WORK TO COMPLETE:
The line containing "Lovely easy fit" marks the end: copy exactly every line from the start of the records below up to and including it, leaving out pictures.

INPUT DATA:
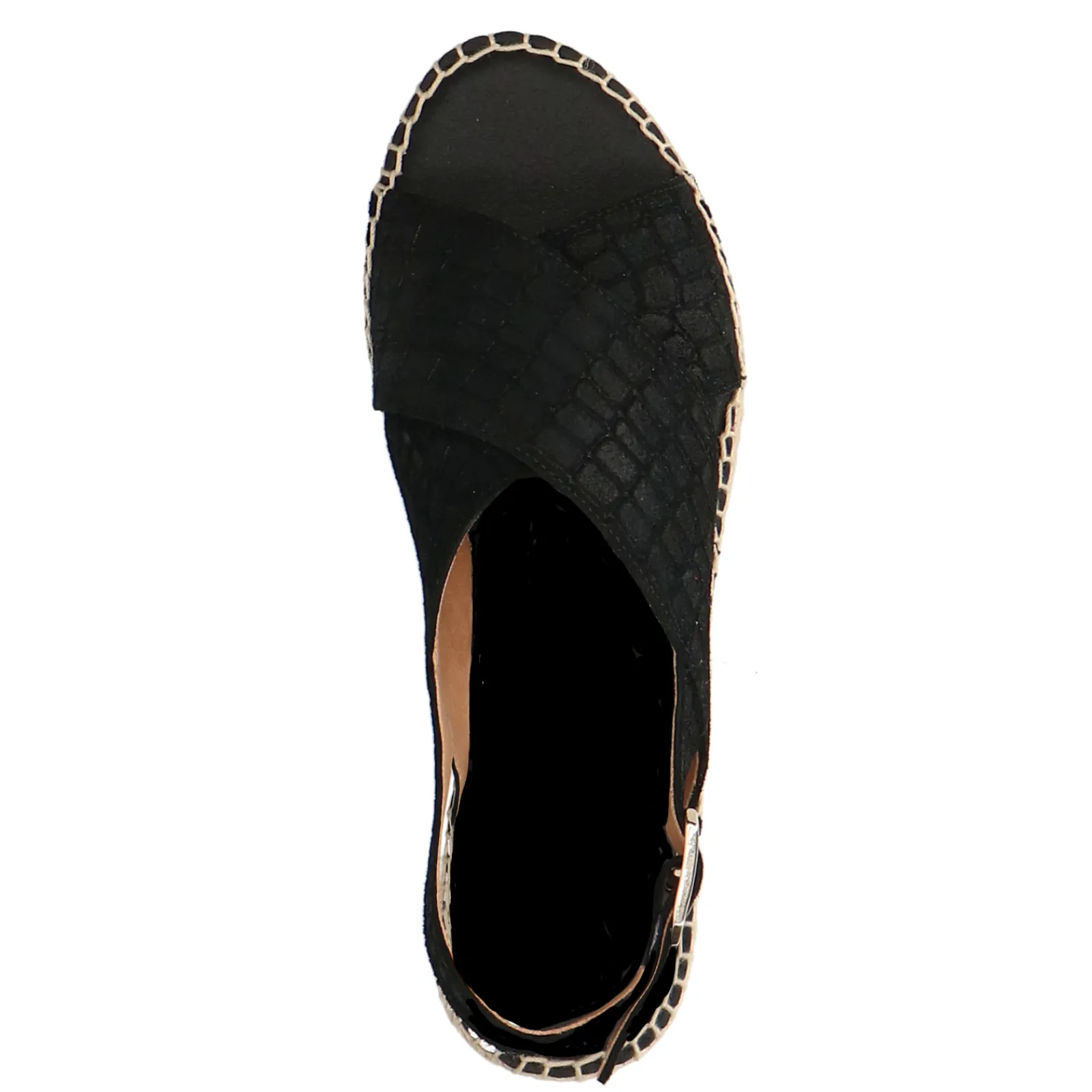 Summer Ready Met Deze Zwarte Suede Plateau Sandalen Van Sacha! De Sandalen Zijn Aan De Buitenzijde Gemaakt Van Suede En Aan De Binnenzijde Van Leer. De Plateau Zool Is Gemaakt Van Gewoven Touw Met Een Hoogte Van 4 Cm. Het Design Heeft Een Subtiele Croco Print Voor Een Unieke Twist. Maak Gebruik Van De Juiste Onderhoudsproducten!
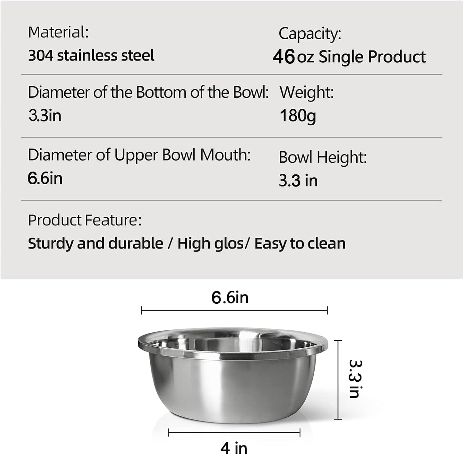 • STABLE AND SMOOTH: The pet food bowl is mirror polished for an elegant look and smooth touch. The flat edges won't hurt your dog's tongue, rust-resistant and easy to clean.
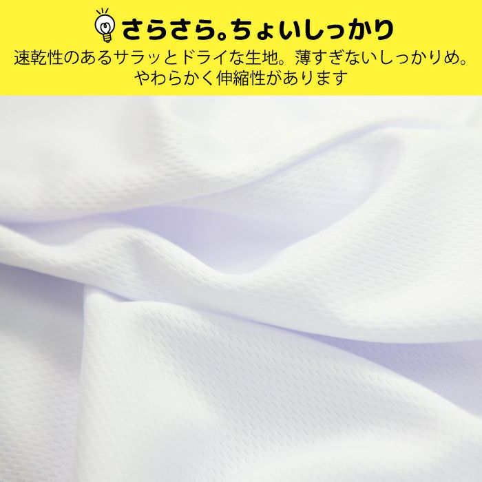 ポリエステル100%のドライ生地で着心地サラッと。
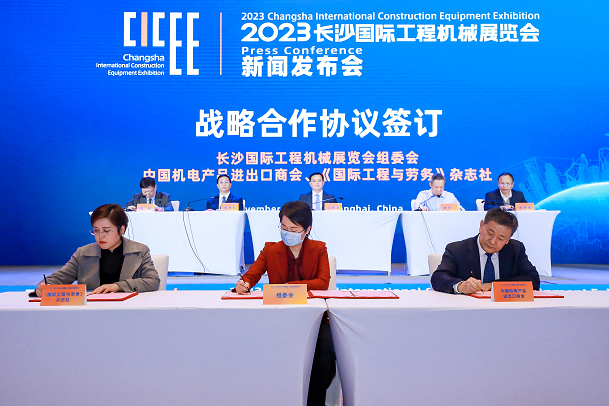 從湘江到黃浦江,從星城走向“魔都”,2023第三屆長沙國際工程機械展覽會(CICEE)全球首場新聞發(fā)布會在上海隆重召開。來自新華社、人民日報、湖南日報、湖南衛(wèi)視、紅網、慧聰工程機械網等國內64家和國際36家媒體代表、展會主承辦單位負責人、11家國家級戰(zhàn)略合作商協(xié)會代表和30多家全球工程機械50強參展企業(yè)和配套件參展企業(yè)代表共同見證了這一盛會。
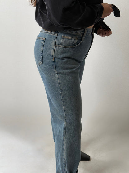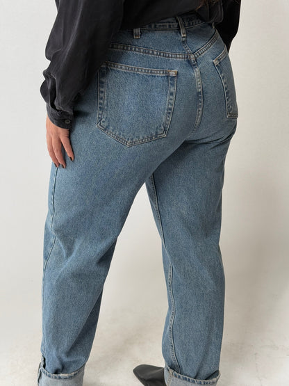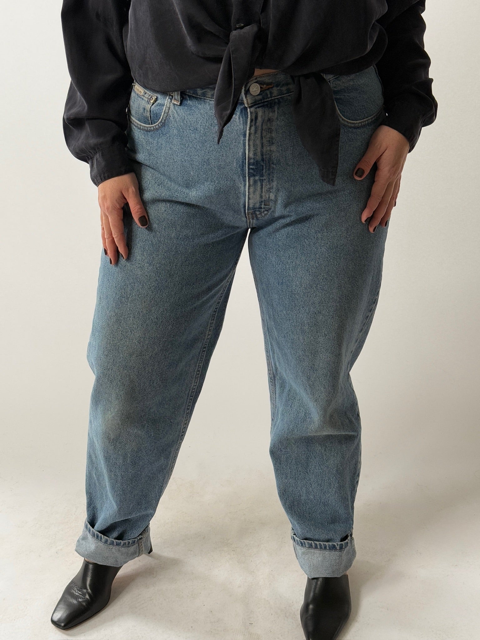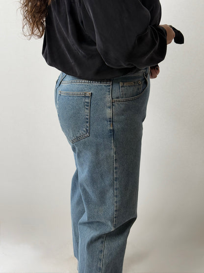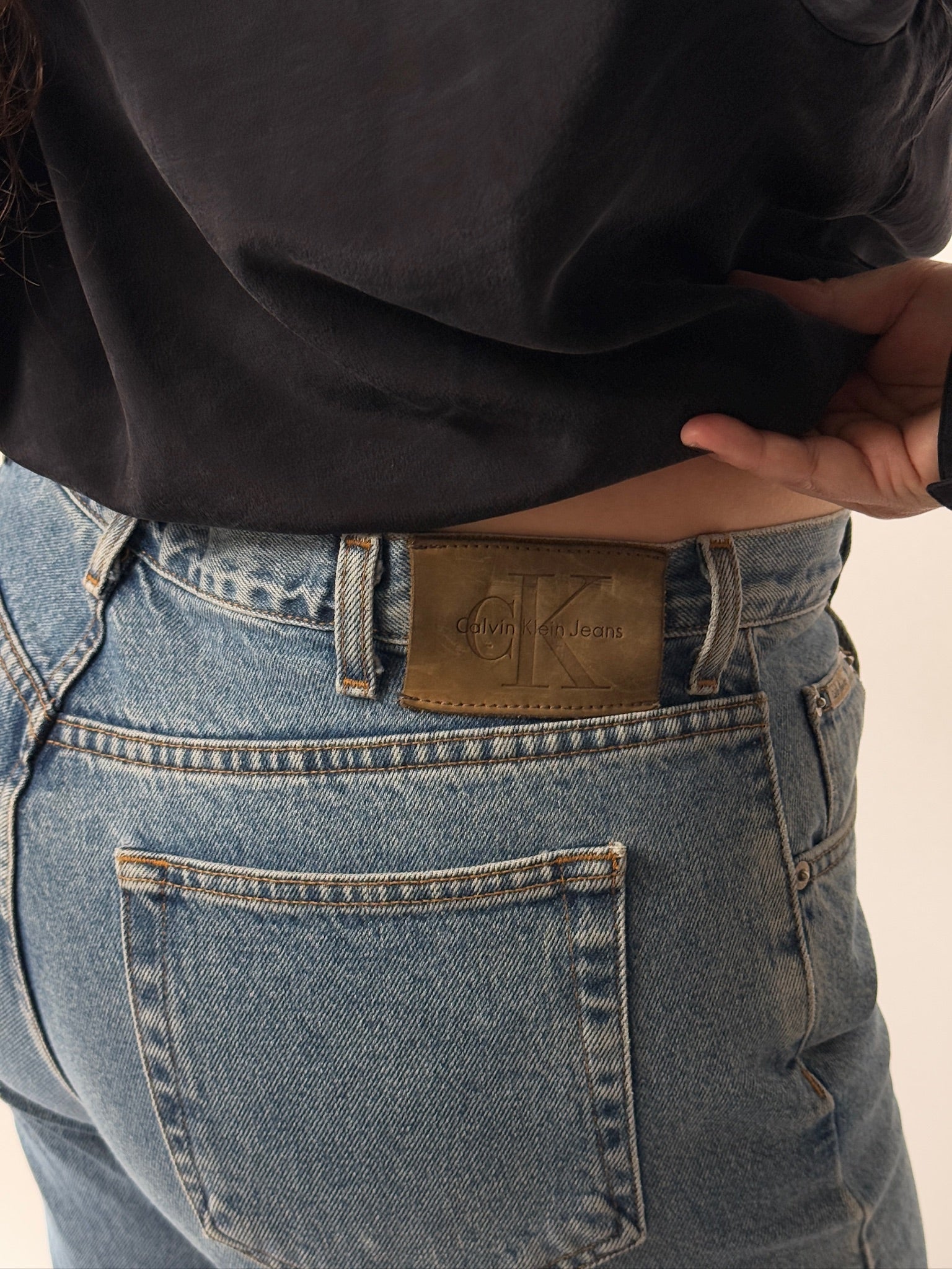 Lovely easy fit style Calvin Klein denim with a 5 pocket design. The denim has a tapered leg with a classic leather CK patch at the back waistband, tapered leg and silver toned hardware.
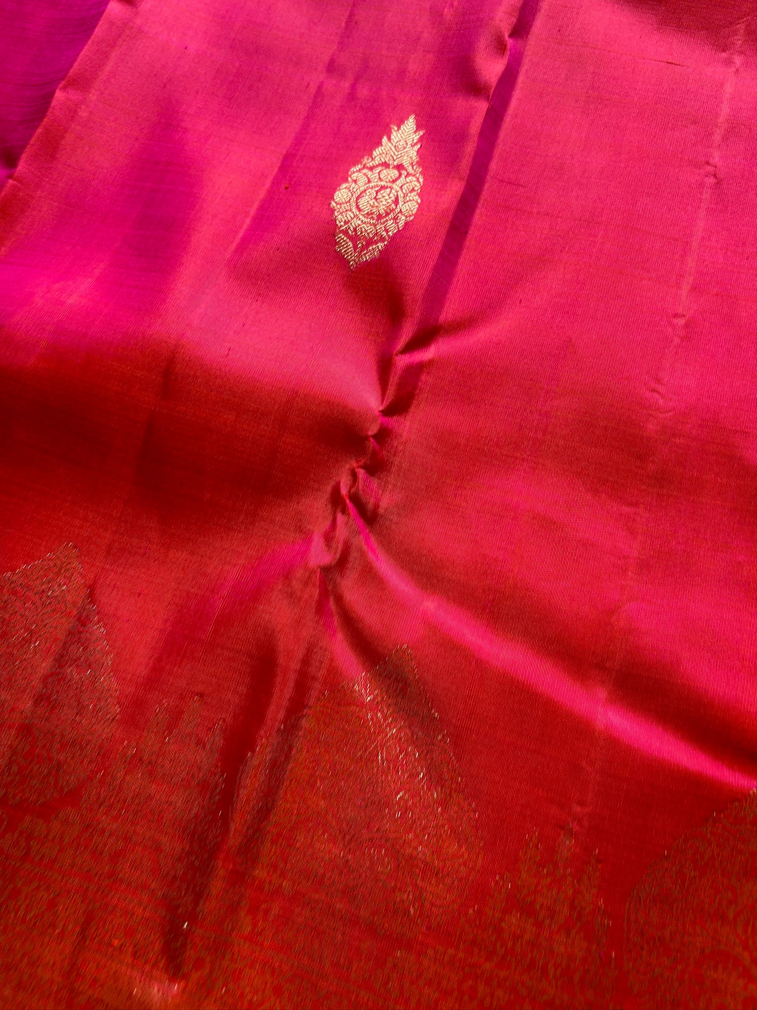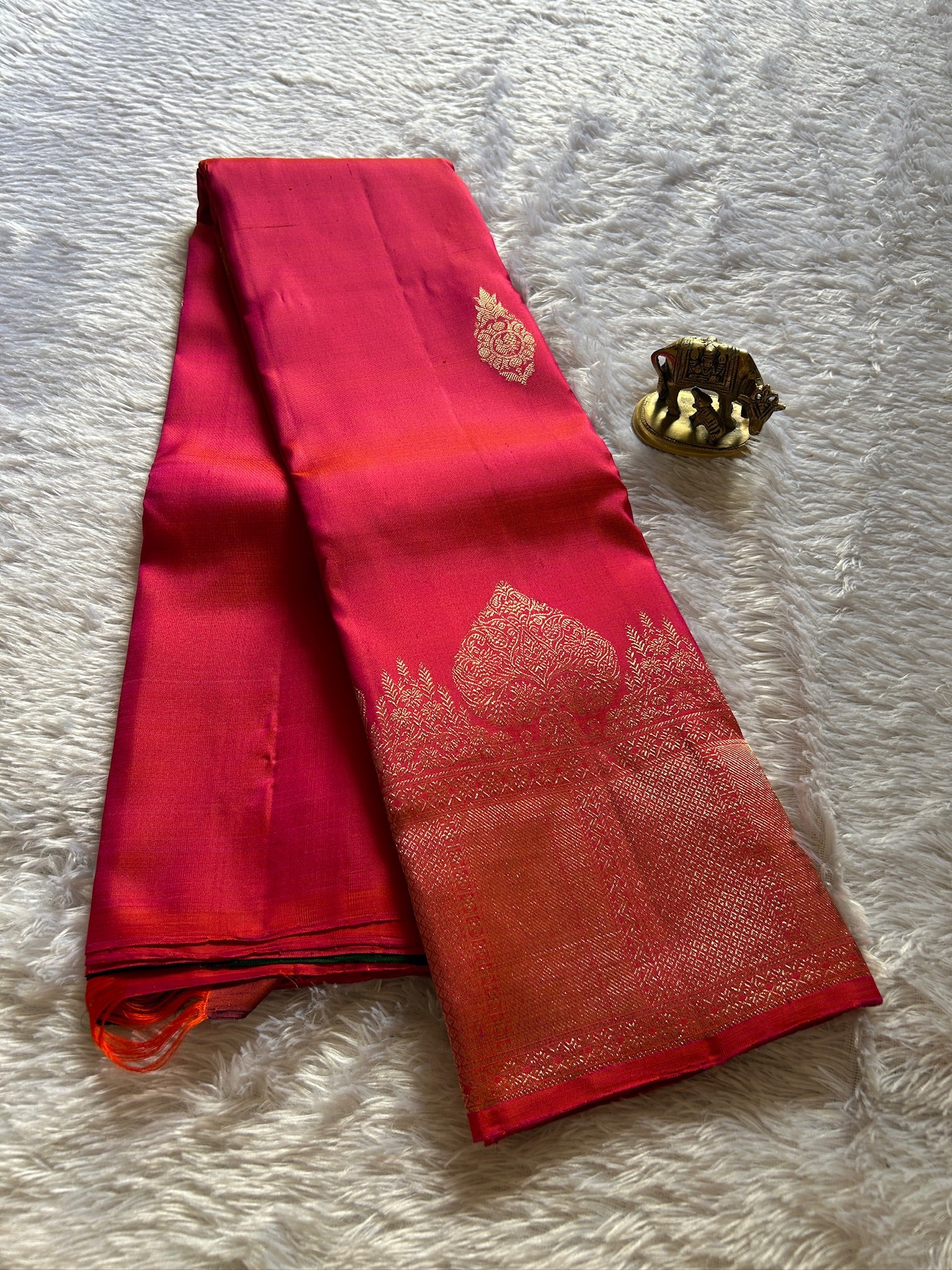 Experience timeless elegance with the Vydurya saree, crafted from pure Kancheepuram silk in a captivating pinkish red shade. It features a rich, broad zari border and delicate zari buttas spread across the fabric, enhancing its opulence. The contrasting bottle green pallu is adorned with intricate zari work, perfectly complemented by matching bottle green blouse material. This saree brings together traditional craftsmanship and luxurious design, ideal for festive occasions and celebrations.
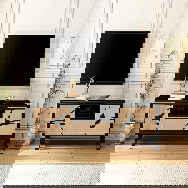 The sleek black finish of the frame complements the natural wood, while the robust black wooden legs add a touch of modern, industrial chic. With ample storage space for media players, game consoles, and accessories, this TV cabinet is as functional as it is stylish. Its low-profile design is perfect for housing your television upto 60 inches, and with only the legs requiring assembly, you can set it up in no time.
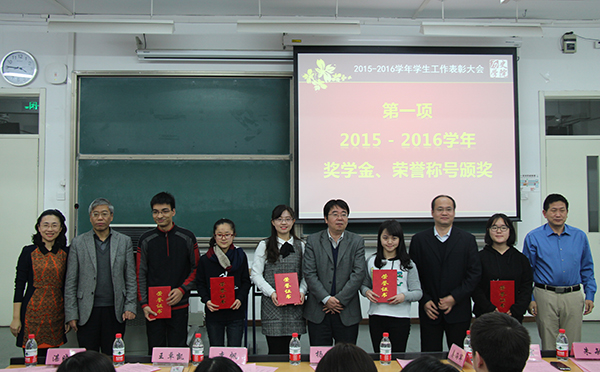大会首先由姜海军老师宣读2015-2016学年本科生国家奖学金、国家励志奖学金、京师奖学金、专项奖学金、社会奖学金以及三好员工等荣誉称号获得者名单;李帆老师宣读2015-2016学年研究生国家奖学金、学业奖学金、专项奖学金、社会奖学金等荣誉称号获得者名单。随后进行大会第二项,郭家宏老师宣读白寿彝史学论著奖本科生组获奖名单。大会第三项流程是2016年度员工工作颁奖,在播放3044am永利集团2015-2016学年员工工作回顾展示视频后,王卓凯老师宣读了各项国家级、市级及校院两级员工工作教师、集体类奖项获奖名单;湛晓白老师和朱敏老师分别宣读了校级和学院员工工作获奖员工名单。经理杨共乐老师、副经理李帆老师、副经理姜海军老师、分党委副书记王卓凯老师、世界近代史教研室主任郭家宏老师为获奖代表颁奖,并与获奖代表合影留念。
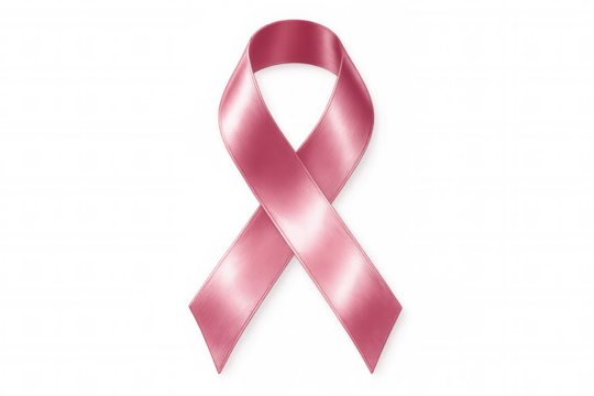 Pink ribbon symbolizing breast cancer awareness, support, and hope on a transparent background
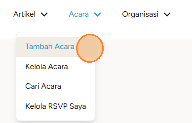 2. Setelah berhasil login, Anda akan diarahkan ke Dasbor. Arahkan kursor ke menu Acara untuk menampilkan opsi, lalu pilih Tambah Acara untuk membuatnya.
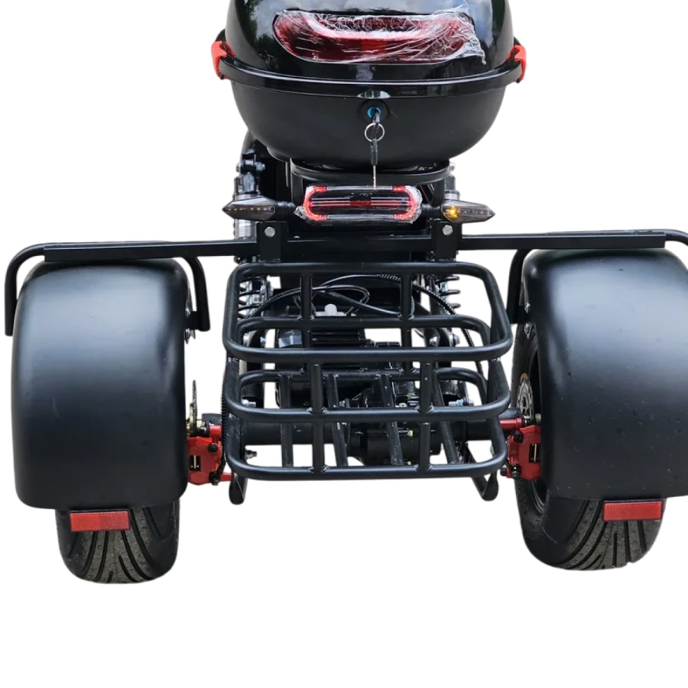 Электроскутер трехколесный CITYCOCO GT X11 TRIKE 2023 в черном цвете - это инновационное транспортное средство, которое обеспечит вам комфортное и стильное передвижение по городским улицам.
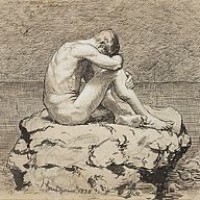 (εικαστική δημιουργία με χρήση μελάνης και gouache τέμπερας σε χαρτί με τίτλο «Loneliness» του Hans Thoma)
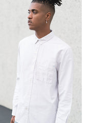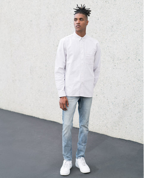 SLVDR Bedford Sand Buttonup is a long sleeve button-down woven shirt in 100% cotton diamond chambray, featuring tech/flap front pocket and other unique details. The attention to detail makes this shirt not only a unique spin on a denim buttonup, but just enough edge to a normally classic shirt.
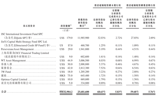 其中,JSC International Investment Fund SPC认购1.79亿美元,JinYi Capital Multi-Strategy Fund SPC Ltd认购700万美元,PerseverancAsset Management认购2900万美元,上海高毅认购900万美元,WT Asset Management认购4490万美元,泰康人寿认购3000万美元,广发基金认购4200万美元,3W Fund认购1800万美元,雾凇认购7500万美元,Optimas Capital Limited认购1000万美元,凌云光技术国际有限公司认购500万美元。
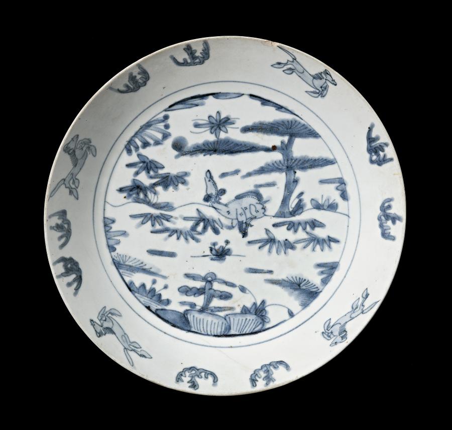 porcelain with underglaze blue decoration. Central medallion features deer and trees, enclosed by a band of deer figures
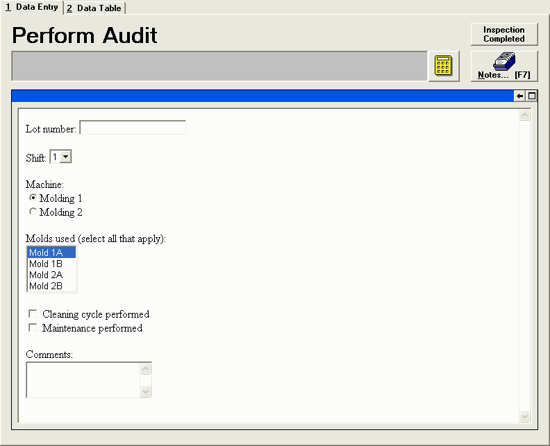 the user is entering defect counts in list mode.
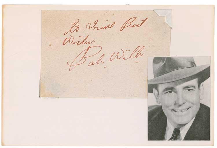 American musician and songwriter (1905–1975) credited with inventing Western swing, a lively hybrid of musical influences that added drums and a brass section to traditional country music instrumentation. Vintage ink signature and inscription, “To Irine, Best wishes, Bob Wills,” on a 3.75 x 2.5 slip. Slip is affixed to a 6 x 4 off-white card via a clipped photo affixed to lower right. In fine condition, with a mild overall shade of toning. RRAuction COA.

PROBLEM SOLUTION:
 Summer Ready Met Deze Zwarte Suede Plateau Sandalen Van Sacha! De Sandalen Zijn Aan De Buitenzijde Gemaakt Van Suede En Aan De Binnenzijde Van Leer. De Plateau Zool Is Gemaakt Van Gewoven Touw Met Een Hoogte Van 4 Cm. Het Design Heeft Een Subtiele Croco Print Voor Een Unieke Twist. Maak Gebruik Van De Juiste Onderhoudsproducten!
 • STABLE AND SMOOTH: The pet food bowl is mirror polished for an elegant look and smooth touch. The flat edges won't hurt your dog's tongue, rust-resistant and easy to clean.
 ポリエステル100%のドライ生地で着心地サラッと。
 從湘江到黃浦江,從星城走向“魔都”,2023第三屆長沙國際工程機械展覽會(CICEE)全球首場新聞發(fā)布會在上海隆重召開。來自新華社、人民日報、湖南日報、湖南衛(wèi)視、紅網、慧聰工程機械網等國內64家和國際36家媒體代表、展會主承辦單位負責人、11家國家級戰(zhàn)略合作商協(xié)會代表和30多家全球工程機械50強參展企業(yè)和配套件參展企業(yè)代表共同見證了這一盛會。
 Lovely easy fit style Calvin Klein denim with a 5 pocket design. The denim has a tapered leg with a classic leather CK patch at the back waistband, tapered leg and silver toned hardware.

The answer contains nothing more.